What you will do: Although the entries contain pictures, write out only their text, exactly as it stands.

######

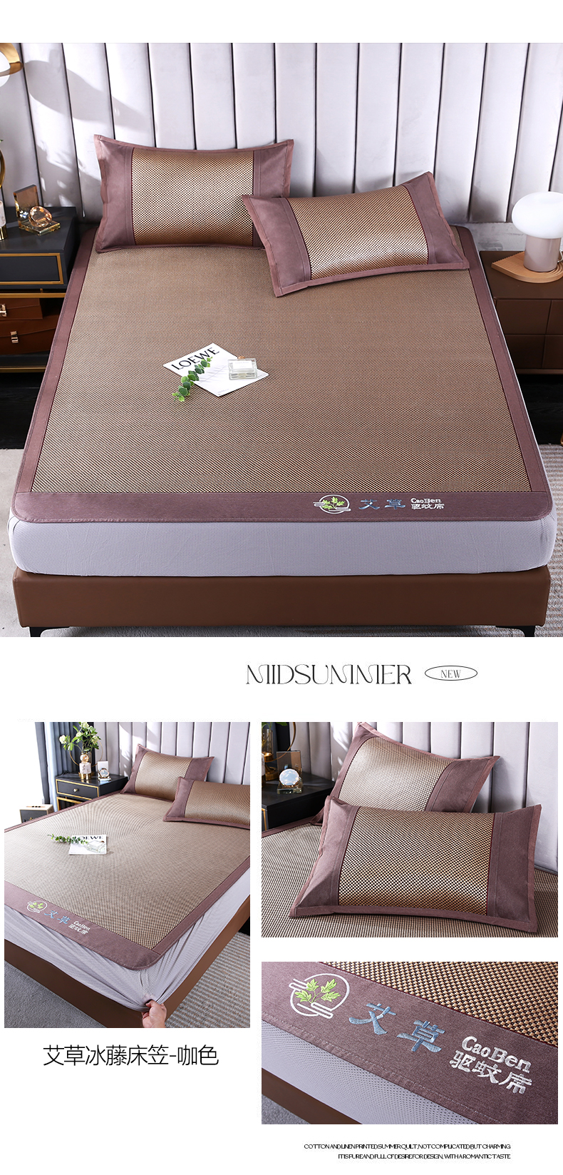商品名称:莱轩席业 2024新款A类艾草冰藤刺绣款凉席-床笠款 咖色
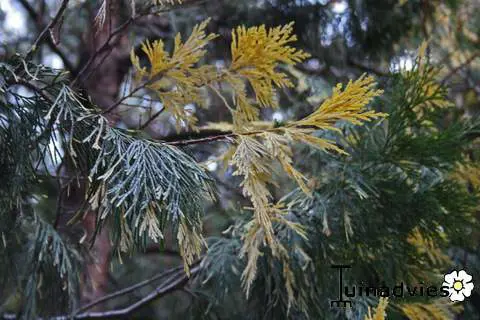 Calocedrus decurrens 'Aureovariegata' is zuilvormig.
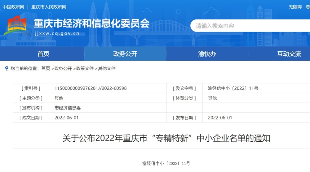 据了解,本次“专精特新”企业评选是重庆市经信委贯彻落实《重庆市人民政府办公厅关于印发重庆市推进“专精特新”企业高质量发展专项行动计划》,旨在培育壮大一批专注细分市场、创新能力强、质量效益高、产业支撑作用大的“专精特新”中小企业,引领带动中小企业高质量发展。
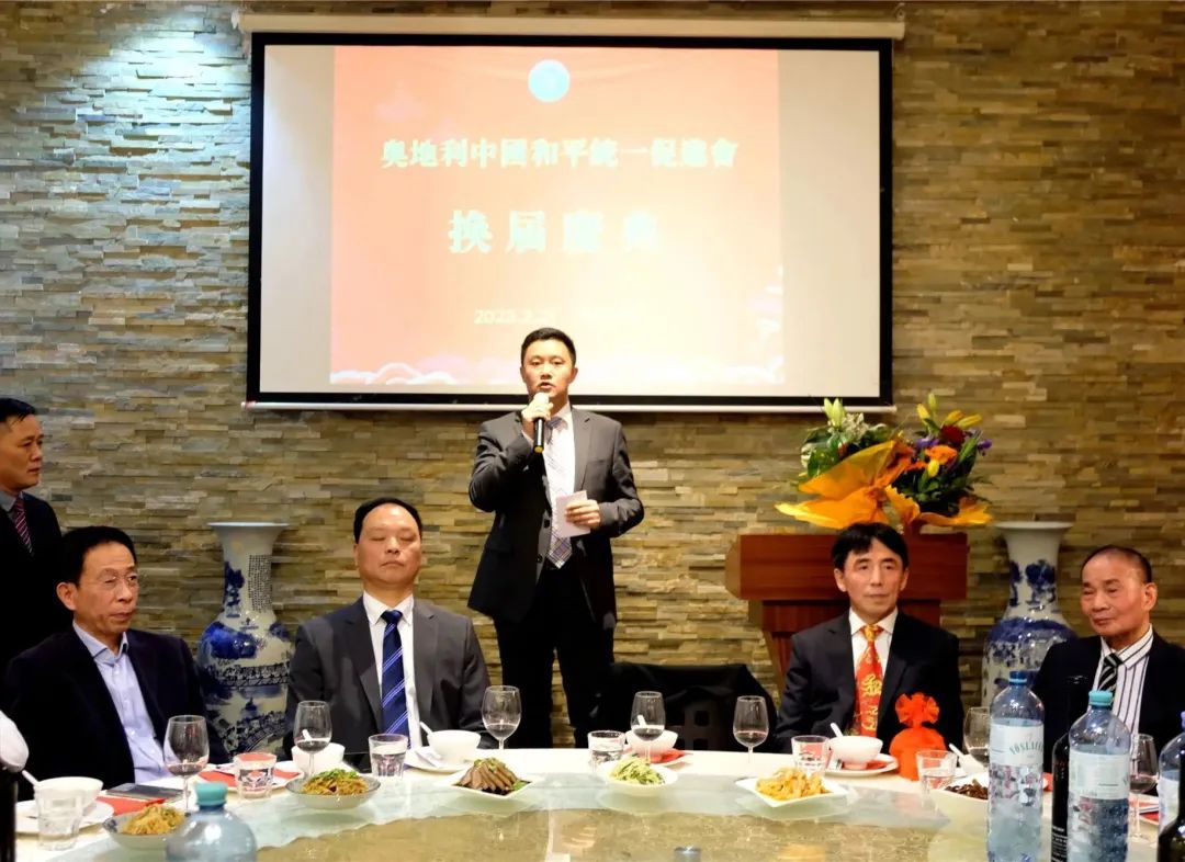 余峰指出,希望奥地利中国和平统一促进会在新任会长司良信博士的带领下,继续高举反“独”促统鲜明旗帜,向奥地利各界讲明“解决台湾问题是中国人自己的事,要由中国人来决定”的道理,讲透“实现两岸和平统一,不仅是中华民族和中国人民之福,也是国际社会和世界人民之福”的意义。让奥地利朋友们充分认识到,维护台海和平稳定、促进中国统一是历史大势、人心所向。
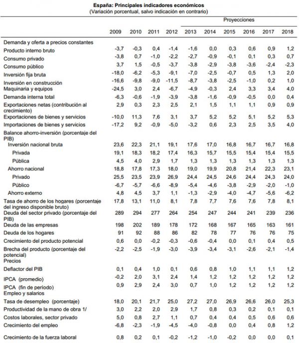 El informe, además, empeora considerablemente sus previsiones de crecimiento para España en el medio plazo y espera que el PIB no crezca por encima del 1% hasta 2018, debido una "débil recuperación" que exige al Gobierno que continúe con las reformas y adopte "nuevas medidas decisivas para generar crecimiento y empleo". El FMI prevé que la economía española caiga un 1,6% este año y se estanque en 2014, tal y como ya adelantó en la actualización de su informe Perspectiva Económica Mundial publicada en julio.
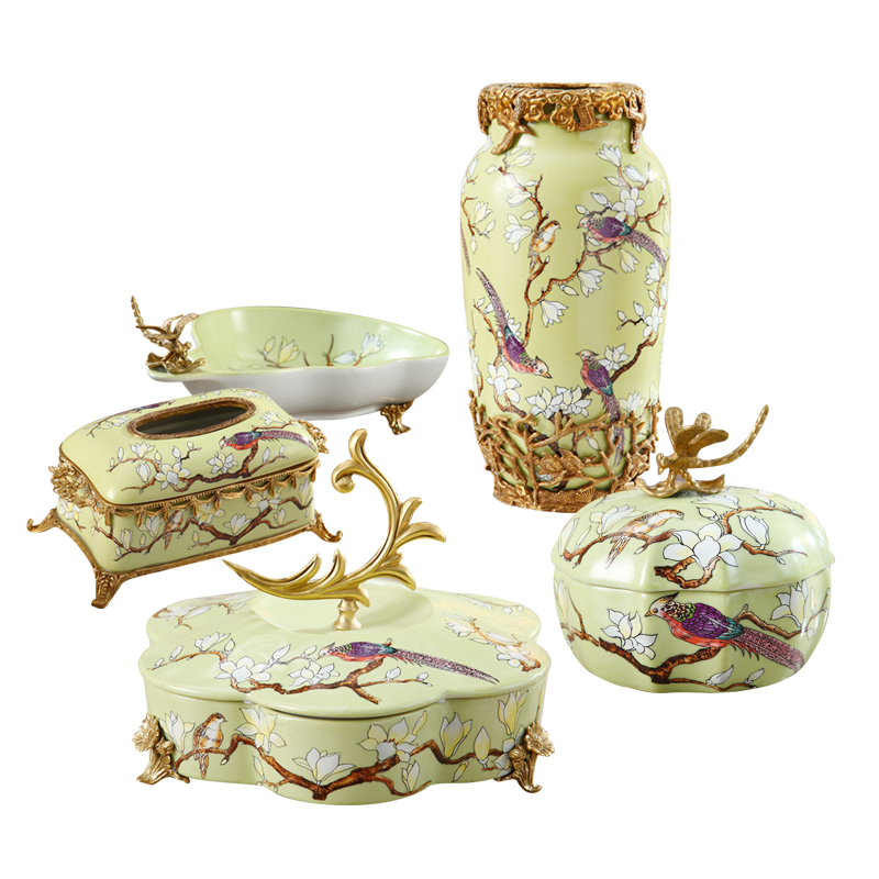 Bronze toothpicks extinguishers (A) ceramic with copper bronze ashtray (A) ceramic with copper bronze jewelry box (A) ceramic with copper bronze plate, ceramic with copper bronze compote B (A) ceramic with copper bronze compote C (A) ceramic with copper bronze small storage tank (A) ceramic with copper bronze large storage tank (A) ceramic with copper bronze tissue box (ceramic with copper) bronze vase A (tao
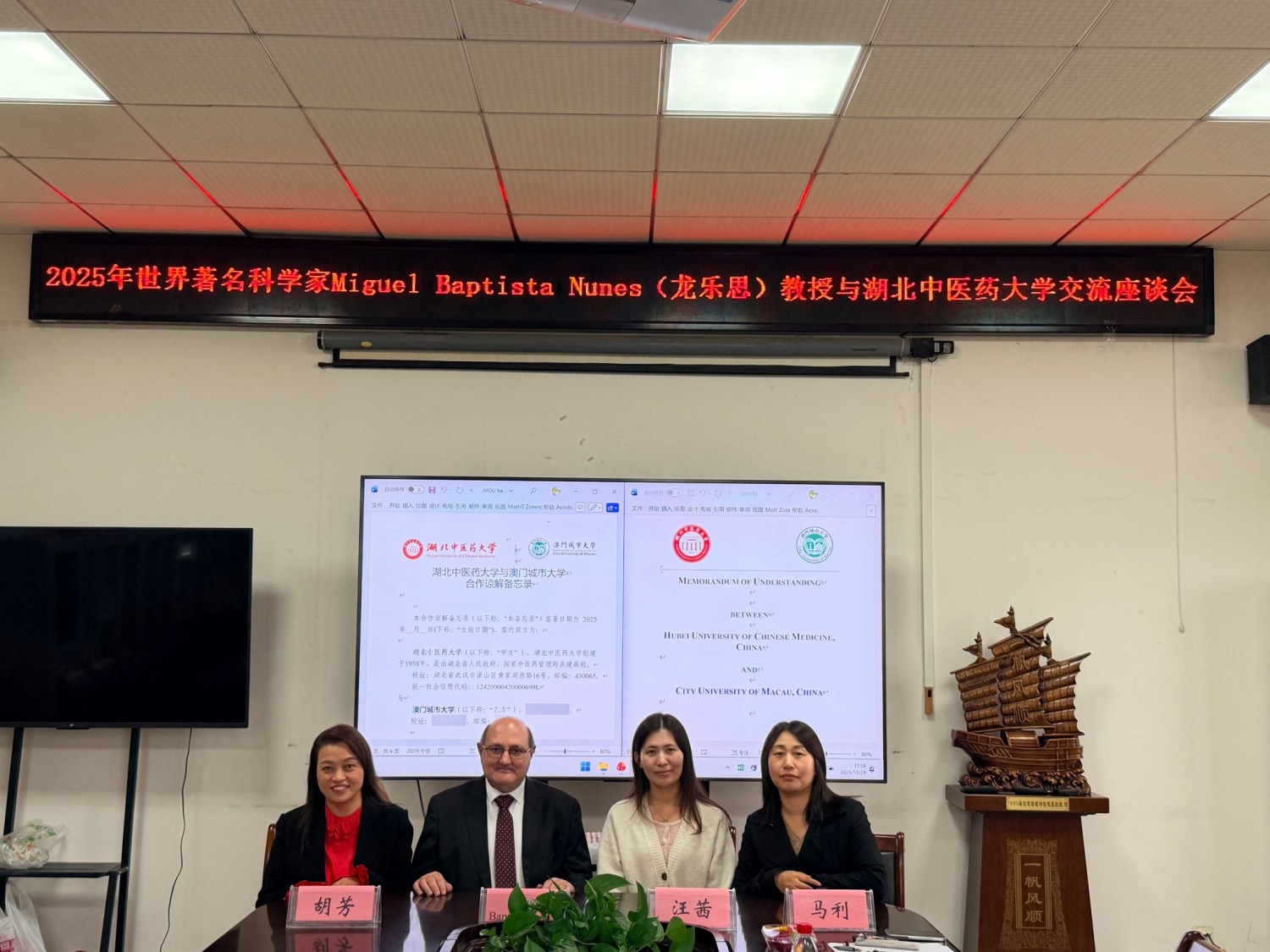 Professor Miguel Baptista Nunes, doctoral supervisor from the Faculty of Business at City University of Macau, was recently invited to participate in the "World-Renowned Scientists Lecture Program in Hubei," where he delivered a specialized academic lecture at Hubei University of Chinese Medicine.

######

Written reply:
商品名称:莱轩席业 2024新款A类艾草冰藤刺绣款凉席-床笠款 咖色
 Calocedrus decurrens 'Aureovariegata' is zuilvormig.
 据了解,本次“专精特新”企业评选是重庆市经信委贯彻落实《重庆市人民政府办公厅关于印发重庆市推进“专精特新”企业高质量发展专项行动计划》,旨在培育壮大一批专注细分市场、创新能力强、质量效益高、产业支撑作用大的“专精特新”中小企业,引领带动中小企业高质量发展。
 余峰指出,希望奥地利中国和平统一促进会在新任会长司良信博士的带领下,继续高举反“独”促统鲜明旗帜,向奥地利各界讲明“解决台湾问题是中国人自己的事,要由中国人来决定”的道理,讲透“实现两岸和平统一,不仅是中华民族和中国人民之福,也是国际社会和世界人民之福”的意义。让奥地利朋友们充分认识到,维护台海和平稳定、促进中国统一是历史大势、人心所向。
 El informe, además, empeora considerablemente sus previsiones de crecimiento para España en el medio plazo y espera que el PIB no crezca por encima del 1% hasta 2018, debido una "débil recuperación" que exige al Gobierno que continúe con las reformas y adopte "nuevas medidas decisivas para generar crecimiento y empleo". El FMI prevé que la economía española caiga un 1,6% este año y se estanque en 2014, tal y como ya adelantó en la actualización de su informe Perspectiva Económica Mundial publicada en julio.
 Bronze toothpicks extinguishers (A) ceramic with copper bronze ashtray (A) ceramic with copper bronze jewelry box (A) ceramic with copper bronze plate, ceramic with copper bronze compote B (A) ceramic with copper bronze compote C (A) ceramic with copper bronze small storage tank (A) ceramic with copper bronze large storage tank (A) ceramic with copper bronze tissue box (ceramic with copper) bronze vase A (tao
 Professor Miguel Baptista Nunes, doctoral supervisor from the Faculty of Business at City University of Macau, was recently invited to participate in the "World-Renowned Scientists Lecture Program in Hubei," where he delivered a specialized academic lecture at Hubei University of Chinese Medicine.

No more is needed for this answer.